The Trump administration ambitiously set out to cut Iranian oil exports to zero and force it to the negotiating table, but as more sanctions are imposed, it seems the effect is slower than expected.
The US Treasury Department on June 7, 2019, announced a new phase of sanctions that target the Iranian petrochemical industry and its affiliated companies.
The decision came only a month after the Trump administration targeted the Iranian gold and metal industries earlier in May 2019. This new round of sanctions is in addition to the existing sanctions on Iranian oil exports.
But a year after the unilateral withdrawal from the Iran nuclear deal, have the US sanctions been successful?
When President Donald Trump announced the withdrawal of the United States from the deal l in May 2018, he seemed very confident that these sanctions would force Iran to eventually compromise and negotiate another deal with his administration. However, a year after the heavy sanctions and the setting of a new phase of sanctions indicates that the US government is not very satisfied with the results.
The aims and strategies
The US government withdrew from the deal due to reasons that were not negotiated under the Joint Plan of Action (JPOA).
In his initial speech on May 8 2018, when he signed the withdrawal executive order, Trump was critical of the JCPOA not only because it allowed Iran to continue enriching uranium but most importantly because it could not limit what he called “other malign activities.”
Trump envisioned an alternative deal which would include not only the Iran nuclear programme but also restrict Iran’s missiles programme and military presence in the Middle East. Based on what Trump said, the ultimate goal was to isolate Iran by all means necessary. This is, of course, not unique to the Trump administration, but has been more or less the attitude of the United States government since the Islamic Revolution of 1979.
Soon after the withdrawal, in August 2018, Trump signed the order to re-impose sanctions on Iran with a few exceptions granted for six months for a number of countries including China and Turkey.
Brian Hook, US Special Representative for Iran, in a press release introduced these sanctions as a mechanism to “change the behaviour of the Iranian leadership” and mentioned that the US strategy to inflict on Iran what he called “maximum economic and diplomatic pressure”.
Hook also seemed confident that the US could reduce Iranian oil exports to zero.

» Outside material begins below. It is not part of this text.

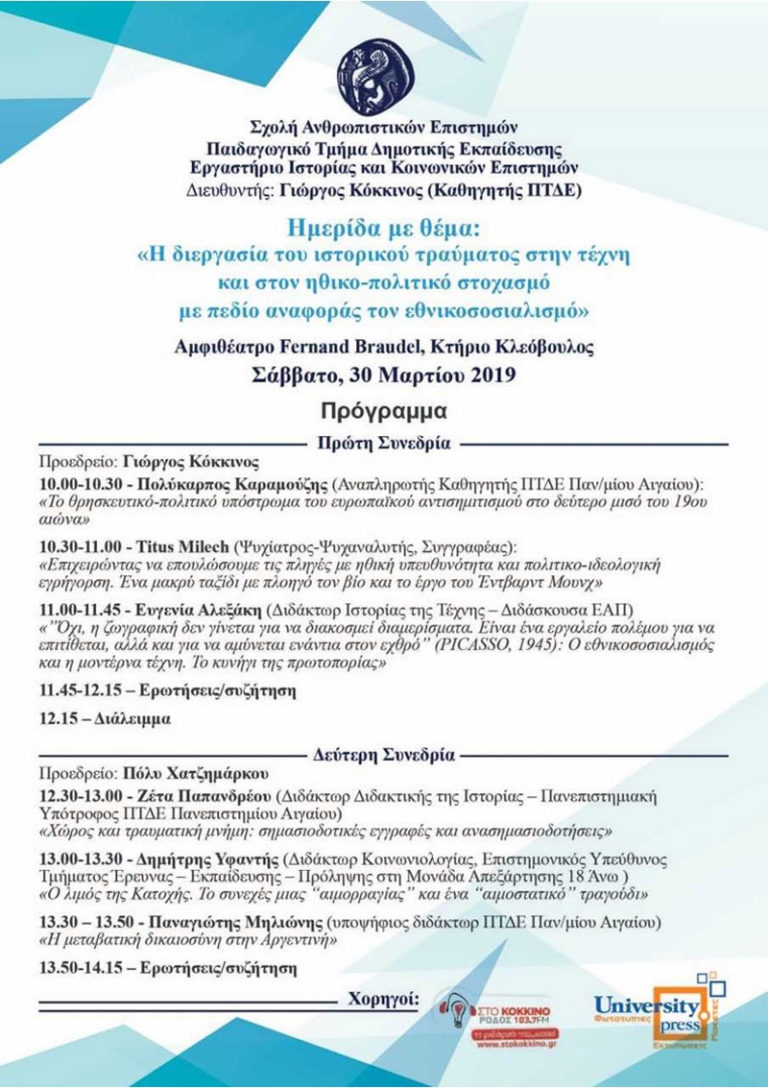 Πρόσκληση σε Ημερίδα: “Η διεργασία του ιστορικού τραύματος στην τέχνη και στον ηθικο-πολιτικό στοχασμό με πεδίο αναφοράς τον εθνικοσοσιαλισμό”

To implement these sanctions and achieve a favourable result, Trump consulted with a group of hardliners including Secretary of State Mike Pompeo, National Security Advisor John Bolton, Hook and of course Trump’s admirer Israeli Prime Minister Benjamin Netanyahu.
Regional alliances against Iran were also emphasised especially by the inclusion of Saudi Arabia and the United Arab Emirates, while the traditional European partners preferred to keep their distance. In one year the Trump administration sanctioned the Iranian oil industry, automotive industry, banking system, and named the Islamic Revolutionary Guard Corps (IRGC) as a terrorist organisation. It is now ending oil export exemptions, metal and petrochemical industries.
Even Instagram banned the former IRGC commanders on its social platform and Google cut services for Iranian English and Spanish media outlets, Press TV and Hispan TV for a while.
In addition to the maximum diplomatic and economic pressure exerted on Iran, the US government had also taken on diplomatic and non-economic measures by deploying warships in the Gulf, ensuring massive arms sales to Saudi Arabia, and increasing security measures in their military bases in the region.
Such harsh measures against a nation are rare in the history of international relations and, despite the comments of US officials, they seem aimed at a regime change in Iran.
The Trump administration was relatively successful in targeting the Iranian economy and society and creating high inflation, a currency crisis and the occasional scarcity of consumer products. Many foreign companies have decided to leave Iranian industries and have put an end to their activities in Iran.
However, we do not see any particular change of behaviour from the Iranian government to signal its willingness to negotiate its military presence in the region, missiles programme or support of pro-Iranian armed groups. On the contrary, Pompeo and military officials have raised concerns over potential Iranian interference in Venezuela.
The Trump administration also seems to have serious difficulties in reducing Iranian exports to zero as even after a year of heavy sanctions and the lifting of exemptions. The Iranian diplomacy mechanism also seems to have been successful in counterbalancing US diplomatic pressure by establishing strong constructive relations with most of its neighbouring countries. Iranian Foreign Affaris Minister Javad Zarif and Pompeo’s frequent visits to Iraq can serve as a good example here.
During the last three years as the elected president of the United States Donald Trump withdrew from multiple international treaties, began trade wars with various countries and engaged in diplomatic conflicts that exhausted him and his crew.
Few of his campaign promises have come true, too. There is no wall with Mexico, no deal with North Korea, no deal with Iran and serious economic warfare with China that does not seem to be ending soon. Considering the short time until the presidential elections in 2020, the Trump administration feels the urge to “wrap up” the situation if it wants to be re-elected. This might explain why it “passed a direct phone number” to Switzerland in case Iranian officials want to contact him.
With Ayatollah Khamenei’s clear message last month that “there won’t be a war and we won’t negotiate”, we will have to wait and see what would be next step of the US government and the Trump crew in dealing with Iran.